Roger Stone, Labour leader of Rotherham metropolitan borough council, is reluctant to put food and poverty in its class context, too. "Jamie's programmes are not about us, it's not about the middle class, he's targeting people who are struggling," he told me. You mean the working class then? "No, goodness, in this day and age, it's not class."

You sense that Oliver used to think the same. Give people a chance, then it's up to them, and if, like some of the catering students in his previous programmes, they don't choose to take it, he's got no time for them.

But here he's on a journey. The series is set in Rotherham because it was there that a group of mothers helped their children rebel against the new school menus imposed during Oliver's last series. Julie Critchlow took orders for chips and crisps and shoved them through the school railings at lunchtime, earning herself a place in tabloid mythology. "Fat old scrubber" was what Oliver called Critchlow back then. He may speak estuary but he is firmly positioned with the middle classes who almost exclusively buy his books and watch his cooking shows. But Critchlow has her revenge. As phlegmatic as a tricoteuse at the guillotine, she tells him firmly in this series that he "lives in a bubble", he has no idea what it's like for ordinary people on benefits. And she and her elderly mother, who did teach her to cook, want to get a pair of choppers on his head. Oliver symbolically submits: he puts his designer hair mess into the hands of Critchlow's hairdresser daughter. A little while later he is found complaining to his producer: "Fuck. What's happened to my barnet?"

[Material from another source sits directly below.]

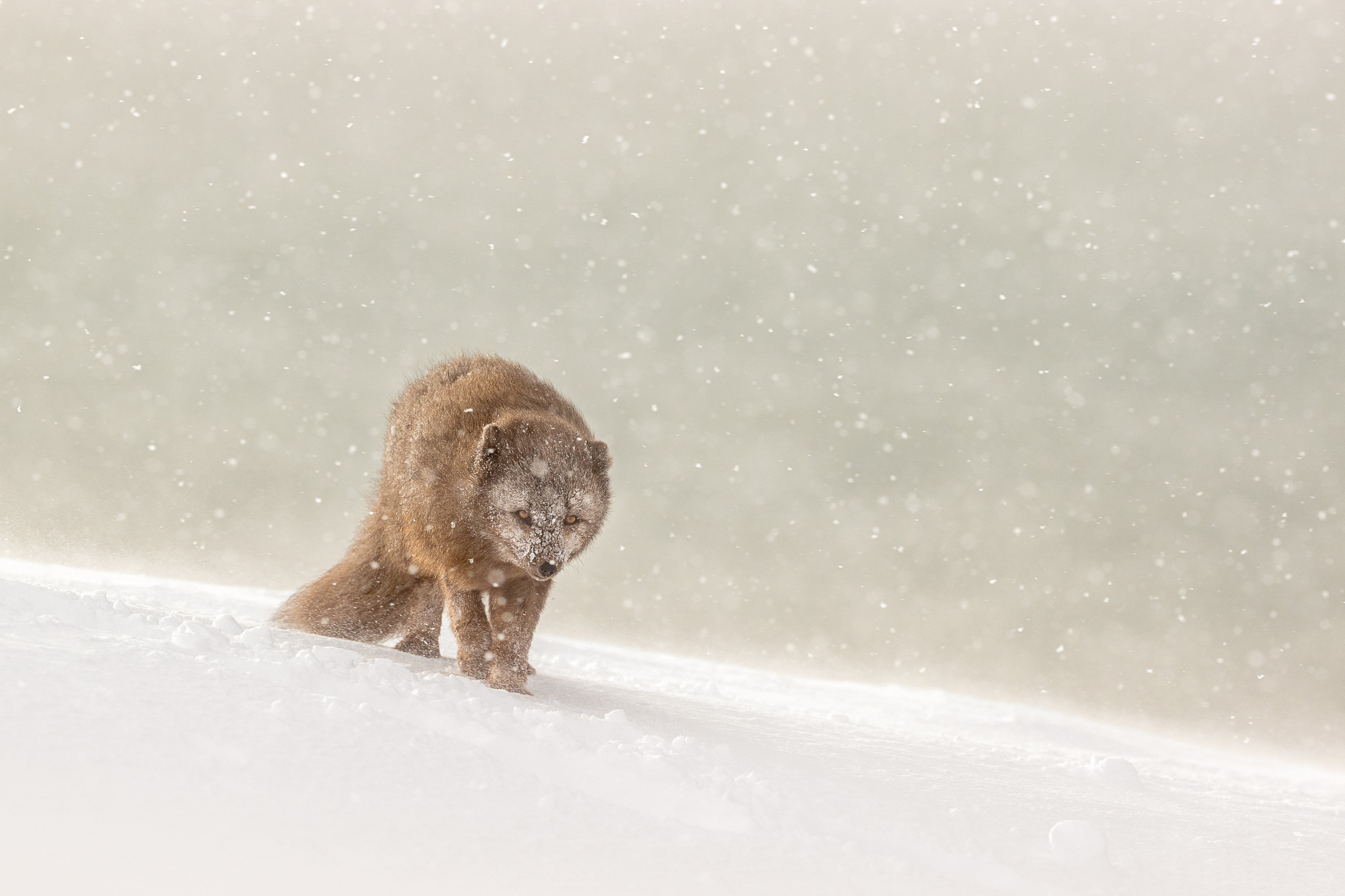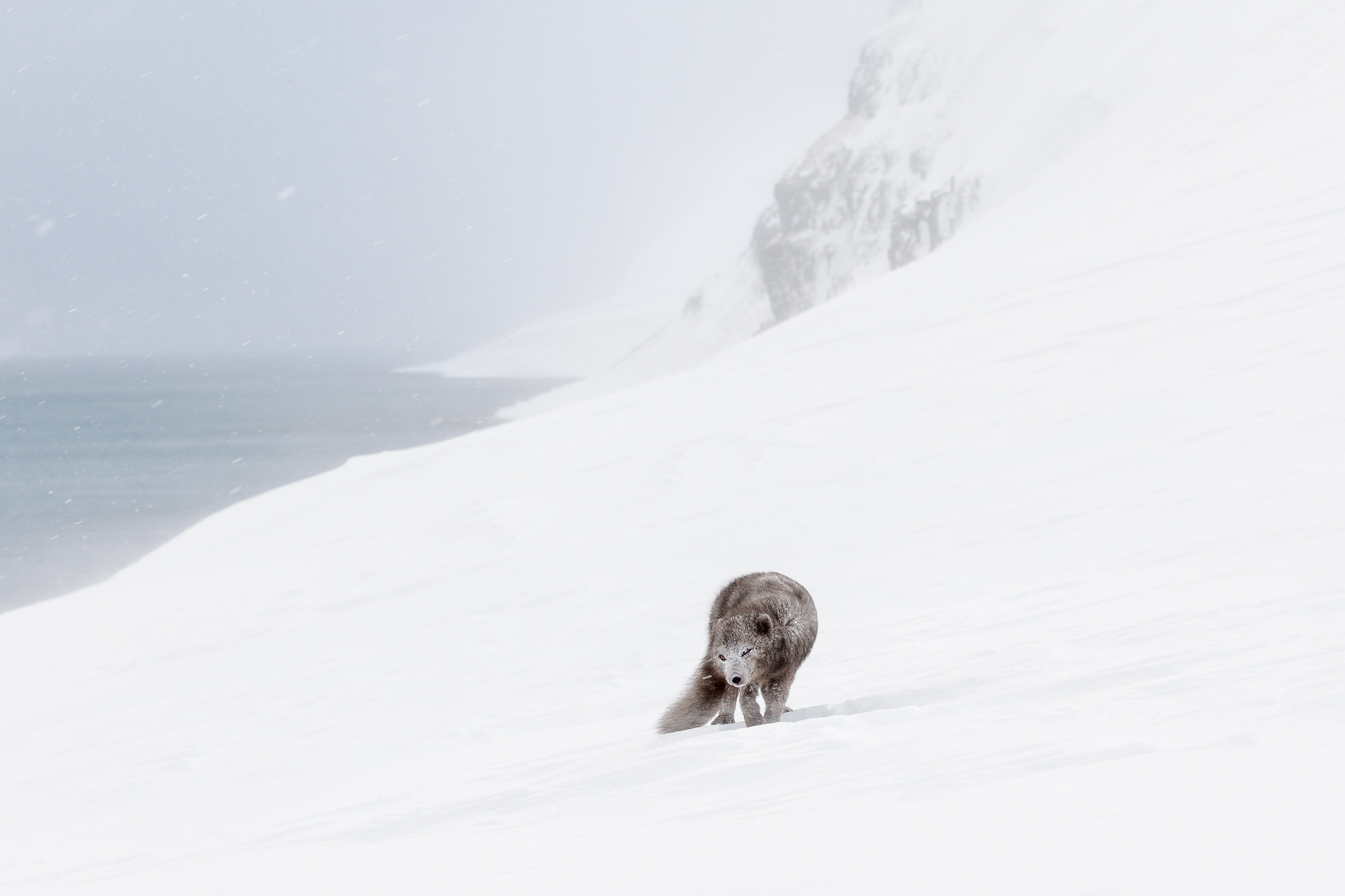 When photographing Arctic foxes, I frequently switch between single-point AF for precise focus (when the fox is stationary or moving slowly) and zone AF for tracking eye and movement (when it’s running or otherwise active).

But it has done the trick, because now he talks differently. He's learned that you can't parachute in with change and waltz out again; tackling class inequality is a long, hard slog. This time he wants to get the whole town on board, to shift the tribe. He's not interested in training those who won't pass it on, who only want to cook for themselves as individuals. "This is about the home, it's about family, it's about neighbours." With impeccable timing, as the global markets go into meltdown, Oliver discovers social capital and declares: "They've got to own it. It's about ownership".